**Task**
When you copy the data, keep every word exactly as it is and leave the pictures out.

**Recorded information**
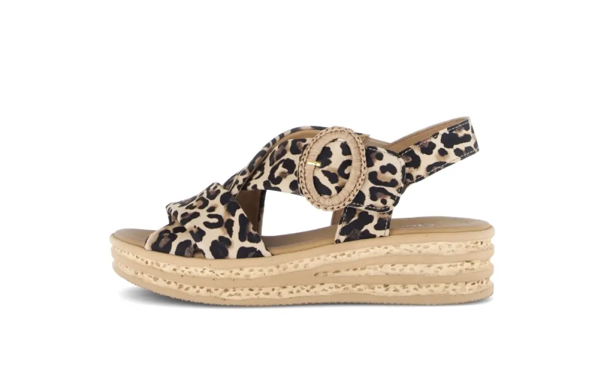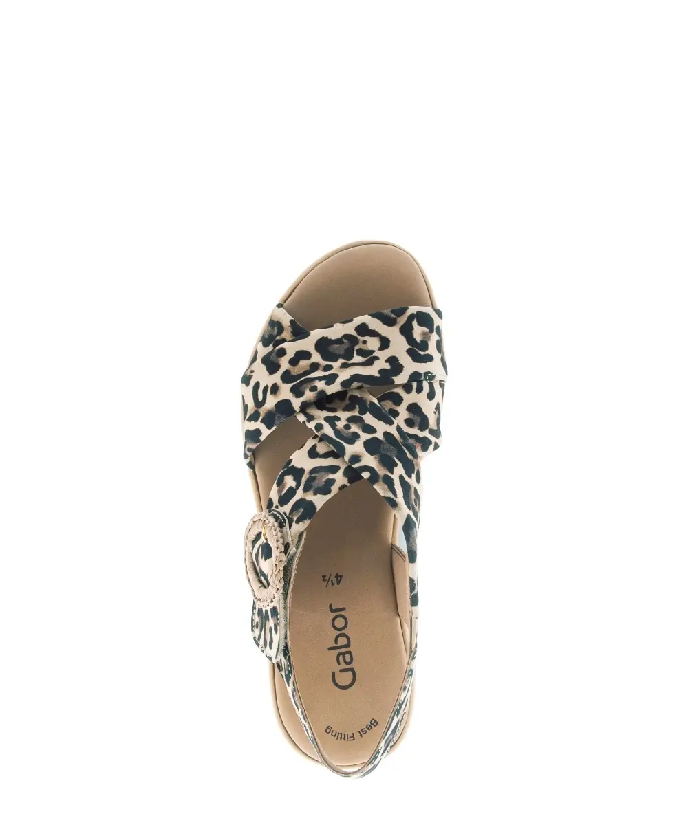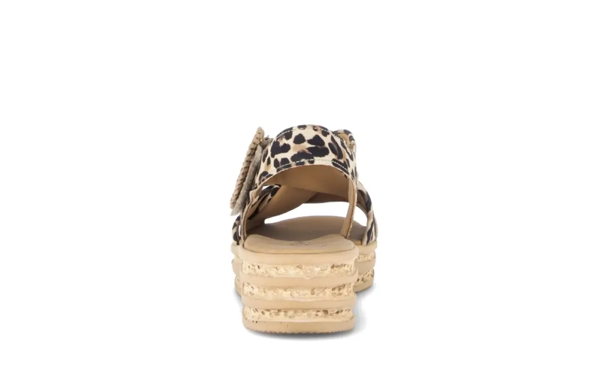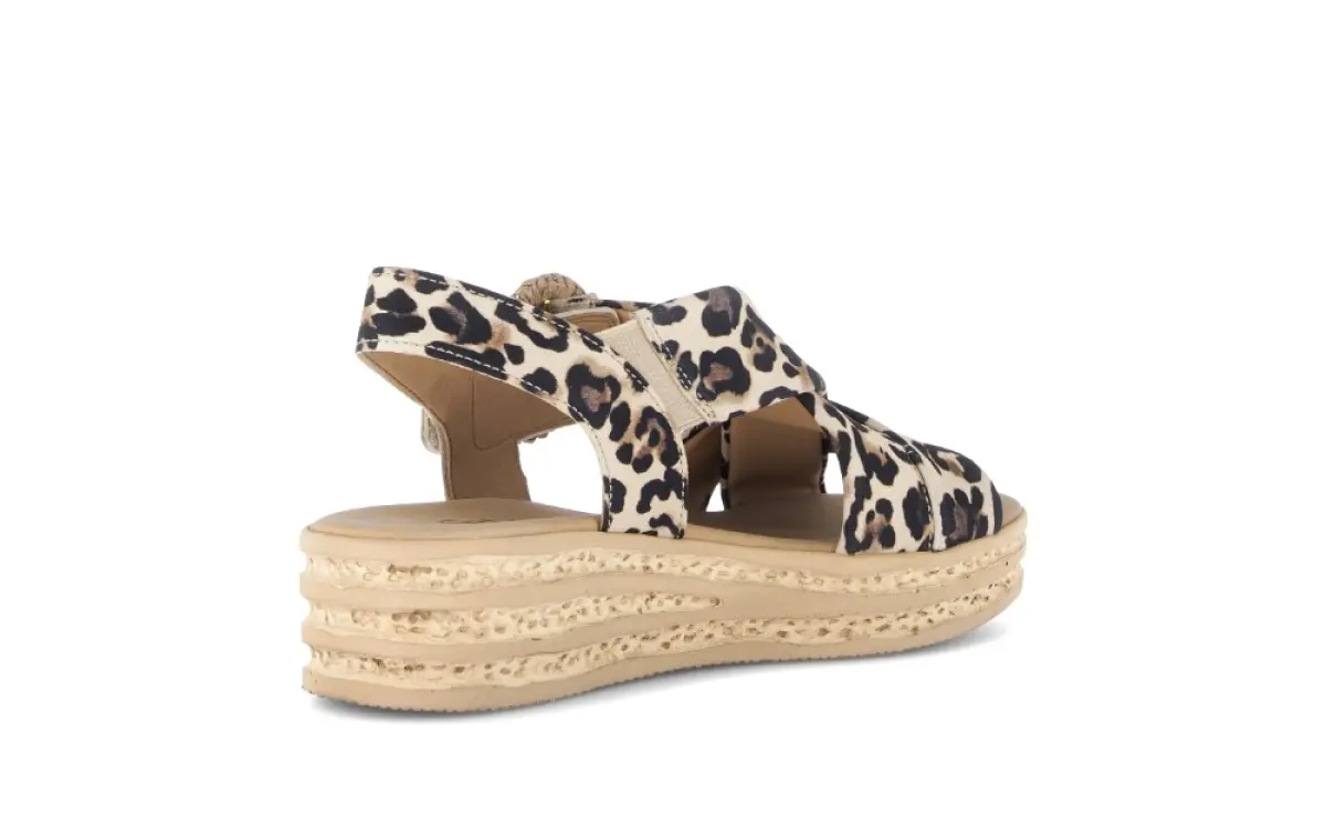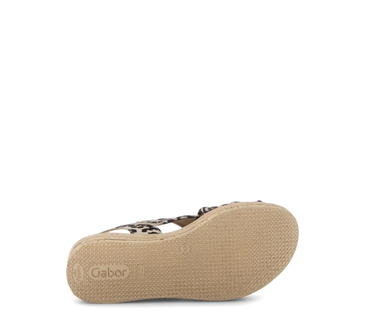 Deze Gabor sandaal van donkerbruin nubuck met luipaardprint is een echte eyecatcher die mode en comfort moeiteloos combineert. De zachte nubuckbanden kruisen elegant over de wreef en voelen soepel aan op de huid. De opvallende ronde gesp met gevlochten detail voegt een speelse, modieuze touch toe. Dankzij de Best Fitting wijdte F ervaar je extra ruimte bij de voorvoet, waardoor je voeten ook tijdens warme dagen comfortabel blijven. Het vaste voetbed biedt ondersteuning en een zacht loopgevoel, zodat je de hele dag licht en ontspannen loopt. De lichte sleehak met kurklookzool zorgt voor stabiliteit en een zomerse uitstraling. De luipaardprint in warme bruintinten maakt deze sandaal ideaal voor wie durft op te vallen en toch een natuurlijke, stijlvolle look wil behouden.
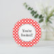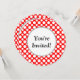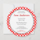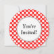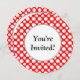Una plantilla de invitación a una personalizado de novias o a una ducha de bebé con simples puntos blancos de polka grandes y pequeños sobre un fondo rojo en una invitación redonda. Haga clic en Personalizar para cambiar las fuentes, los colores de fondo y mucho más, incluso guarde el diseño para más adelante.
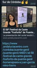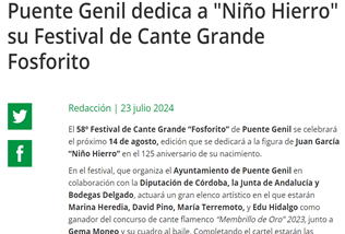 Pie de figura.- Diversos medios de difusión del Cartel anunciador de la presentación y Cartel del 58 festival de Cante Grande Fosforito en Memoria y Homenaje a Juan García “Niño Hierro«.
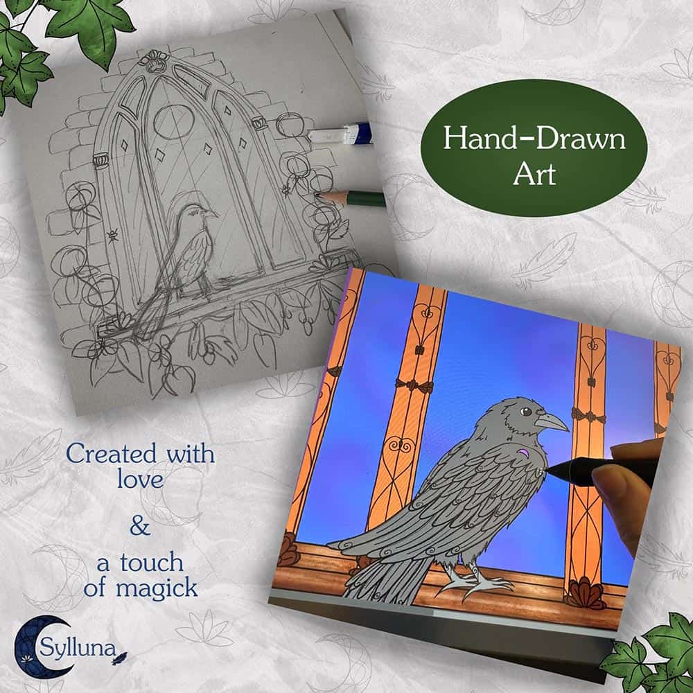 Interchangeable Bag Flap | Magic of the Raven € 23,50 - € 28,95 Do you already have a Sylluna bag? Thanks to the strong Velcro system, the flaps are easy to attach and swap. This allows you to give your bag a completely new look in no time. The bags are known for their durability and are built to last for years, so you can endlessly mix and match different designs from the collection. With these detachable bag flaps, you can carry a different touch of magic with you each time. They are available in various sizes to fit Sylluna’s bags. PLEASE NOTE: This concerns a separate bag flap. The base bag is not included. SHIPPING: 3-5 workdays SPECIFICATIONS: Brand: Sylluna®. Bag flap featuring a hand-drawn illustration print. The bag flap is available in various sizes. Attach, remove, and swap them easily using strong Velcro. Professional print using high-quality printing techniques. The print is waterproof. The bag flap is made in the Netherlands. Detailed description Choose your bag model Choose an optionBag Flap – BackpackBag Flap – Rectangle LargeBag Flap – Rectangle SmallBag Flap – Square LargeBag Flap – Square SmallClear Interchangeable Bag Flap | Magic of the Raven quantity Add to cart SKU: FLAP-0135-01 Categories: Interchangeable Bag Flaps Tags: Animal Magick, Magick of the Raven Illustration Beschrijving With these interchangeable flaps, you can endlessly mix and match the designs of Sylluna bags. Keeping the environment in mind, we understand that it’s not ideal to own multiple bags in the same size. We also know it’s fun to give your bag a completely new look. That’s why we offer our designs as separate flaps, reducing the additional carbon footprint. It’s also more convenient, as you don’t have to move your belongings from one bag to another. Which size do I need? Square Small: 18 x 19 x 5 cm (7.1 x 7.5 x 2.0 in) These flaps are suitable for the Square Small Shoulder Bags. Square Large: 25 x 26 x 6 cm (9.8 x 10.2 x 2.4 in) These flaps are suitable for the Large Square Shoulder Bags. Rectangle Small: 34 x 20 x 8 cm (13.4 x 7.9 x 3.1 in) These flaps are suitable for the Small Rectangle Shoulder Bags. Rectangle Large: 40 x 28 x 10 cm (15.7 x 11.0 x 3.9 in) These flaps are suitable for the Large Rectangle Shoulder Bags. Backpack: The flaps for the backpacks come in one size and are universally compatible with all backpacks. ABOUT THE DESIGN All Sylluna illustrations are hand-drawn and inspired by fantasy, nature, and magic. The illustration was first sketched and then digitally colored. Analog textures were used in the process, including hand-made marbled paper. ✦ View more magical products featuring this illustration Actual colors may vary slightly due to different screen settings. Sylluna®

**Your solution**
 Deze Gabor sandaal van donkerbruin nubuck met luipaardprint is een echte eyecatcher die mode en comfort moeiteloos combineert. De zachte nubuckbanden kruisen elegant over de wreef en voelen soepel aan op de huid. De opvallende ronde gesp met gevlochten detail voegt een speelse, modieuze touch toe. Dankzij de Best Fitting wijdte F ervaar je extra ruimte bij de voorvoet, waardoor je voeten ook tijdens warme dagen comfortabel blijven. Het vaste voetbed biedt ondersteuning en een zacht loopgevoel, zodat je de hele dag licht en ontspannen loopt. De lichte sleehak met kurklookzool zorgt voor stabiliteit en een zomerse uitstraling. De luipaardprint in warme bruintinten maakt deze sandaal ideaal voor wie durft op te vallen en toch een natuurlijke, stijlvolle look wil behouden.
Una plantilla de invitación a una personalizado de novias o a una ducha de bebé con simples puntos blancos de polka grandes y pequeños sobre un fondo rojo en una invitación redonda. Haga clic en Personalizar para cambiar las fuentes, los colores de fondo y mucho más, incluso guarde el diseño para más adelante.
 Pie de figura.- Diversos medios de difusión del Cartel anunciador de la presentación y Cartel del 58 festival de Cante Grande Fosforito en Memoria y Homenaje a Juan García “Niño Hierro«.
 Interchangeable Bag Flap | Magic of the Raven € 23,50 - € 28,95 Do you already have a Sylluna bag? Thanks to the strong Velcro system, the flaps are easy to attach and swap. This allows you to give your bag a completely new look in no time. The bags are known for their durability and are built to last for years, so you can endlessly mix and match different designs from the collection. With these detachable bag flaps, you can carry a different touch of magic with you each time. They are available in various sizes to fit Sylluna’s bags. PLEASE NOTE: This concerns a separate bag flap. The base bag is not included. SHIPPING: 3-5 workdays SPECIFICATIONS: Brand: Sylluna®. Bag flap featuring a hand-drawn illustration print. The bag flap is available in various sizes. Attach, remove, and swap them easily using strong Velcro. Professional print using high-quality printing techniques. The print is waterproof. The bag flap is made in the Netherlands. Detailed description Choose your bag model Choose an optionBag Flap – BackpackBag Flap – Rectangle LargeBag Flap – Rectangle SmallBag Flap – Square LargeBag Flap – Square SmallClear Interchangeable Bag Flap | Magic of the Raven quantity Add to cart SKU: FLAP-0135-01 Categories: Interchangeable Bag Flaps Tags: Animal Magick, Magick of the Raven Illustration Beschrijving With these interchangeable flaps, you can endlessly mix and match the designs of Sylluna bags. Keeping the environment in mind, we understand that it’s not ideal to own multiple bags in the same size. We also know it’s fun to give your bag a completely new look. That’s why we offer our designs as separate flaps, reducing the additional carbon footprint. It’s also more convenient, as you don’t have to move your belongings from one bag to another. Which size do I need? Square Small: 18 x 19 x 5 cm (7.1 x 7.5 x 2.0 in) These flaps are suitable for the Square Small Shoulder Bags. Square Large: 25 x 26 x 6 cm (9.8 x 10.2 x 2.4 in) These flaps are suitable for the Large Square Shoulder Bags. Rectangle Small: 34 x 20 x 8 cm (13.4 x 7.9 x 3.1 in) These flaps are suitable for the Small Rectangle Shoulder Bags. Rectangle Large: 40 x 28 x 10 cm (15.7 x 11.0 x 3.9 in) These flaps are suitable for the Large Rectangle Shoulder Bags. Backpack: The flaps for the backpacks come in one size and are universally compatible with all backpacks. ABOUT THE DESIGN All Sylluna illustrations are hand-drawn and inspired by fantasy, nature, and magic. The illustration was first sketched and then digitally colored. Analog textures were used in the process, including hand-made marbled paper. ✦ View more magical products featuring this illustration Actual colors may vary slightly due to different screen settings. Sylluna®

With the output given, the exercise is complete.